* **To do**: From the first line to the last, restate every record word for word, leaving out the pictures.

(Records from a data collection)
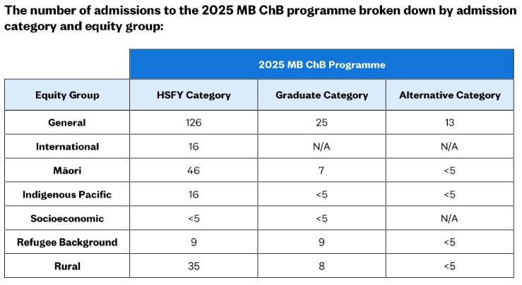 Table 2. Official Information Act request response showing the number of students admitted through each sub-category for MBChB (medicine) at Otago Uni in 2025. Original document can be accessed here
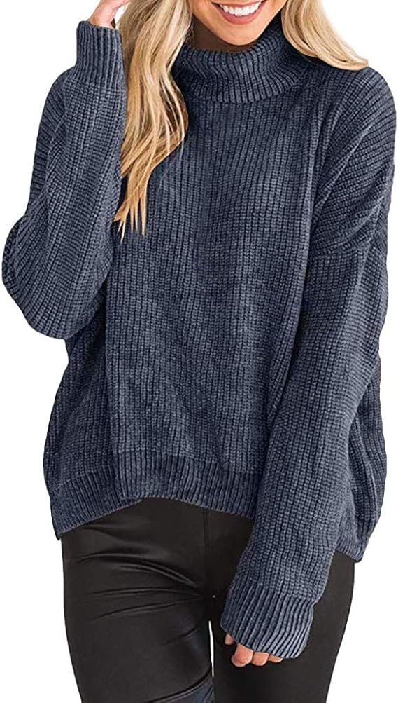 Pull Hiver Femme Col Roule Bleu Tricot Epais Modebuy Com
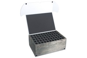 The presented product is a Full-size Mega Box with a set of 5 foam trays, for storing and carrying 275 small miniatures on 20mm or 25mm bases.
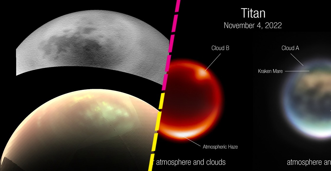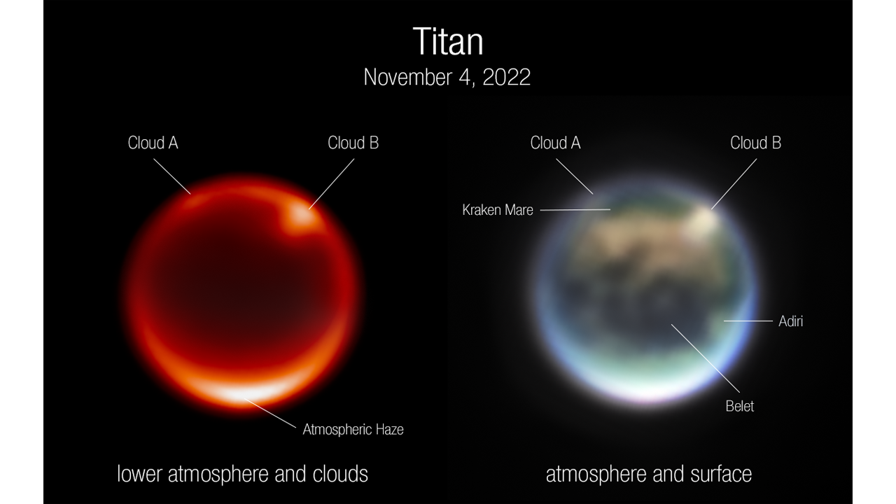 Las imágenes obtenidas son oro molido para estudiar la atmósfera de Titán, que es la única luna del Sistema Solar con una atmósfera densa. En ambas imágenes pueden observarse dos principales nubes, llamadas A y B en la foto.
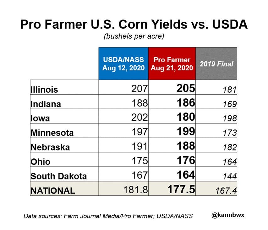 The Pro Farmer crop tour survey, which occurred after the Derecho, estimated that Iowa corn yields would be 10.9% lower than what USDA projected using pre-derecho data. In other states, Pro Farmer projects 1% lower yield, so it seems reasonable to conclude that the derecho could have reduce Iowa corn production by as much as 10%, or about 280 million bushels.
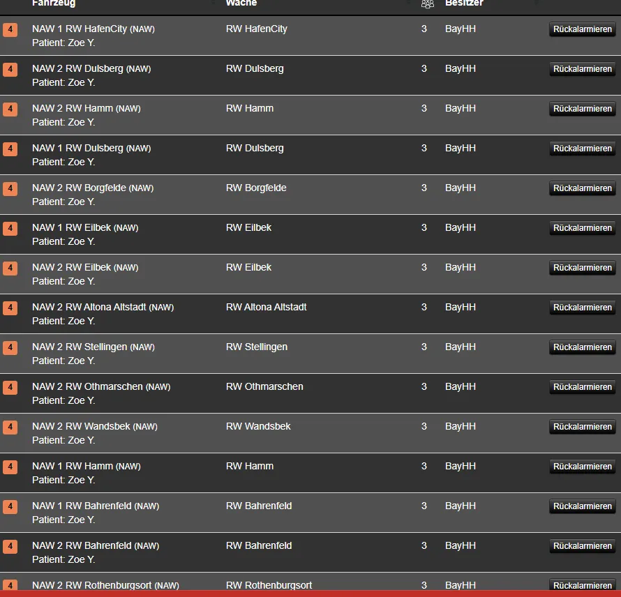 Ich habe vor kurzen alle RTH Stationen auf "nicht einsatzbereit" gestellt. Somit erscheinen keine RTH-Patienten mehr.

* **Exercise solution**:
 Table 2. Official Information Act request response showing the number of students admitted through each sub-category for MBChB (medicine) at Otago Uni in 2025. Original document can be accessed here
 Pull Hiver Femme Col Roule Bleu Tricot Epais Modebuy Com
 The presented product is a Full-size Mega Box with a set of 5 foam trays, for storing and carrying 275 small miniatures on 20mm or 25mm bases.
 Las imágenes obtenidas son oro molido para estudiar la atmósfera de Titán, que es la única luna del Sistema Solar con una atmósfera densa. En ambas imágenes pueden observarse dos principales nubes, llamadas A y B en la foto.
 The Pro Farmer crop tour survey, which occurred after the Derecho, estimated that Iowa corn yields would be 10.9% lower than what USDA projected using pre-derecho data. In other states, Pro Farmer projects 1% lower yield, so it seems reasonable to conclude that the derecho could have reduce Iowa corn production by as much as 10%, or about 280 million bushels.
 Ich habe vor kurzen alle RTH Stationen auf "nicht einsatzbereit" gestellt. Somit erscheinen keine RTH-Patienten mehr.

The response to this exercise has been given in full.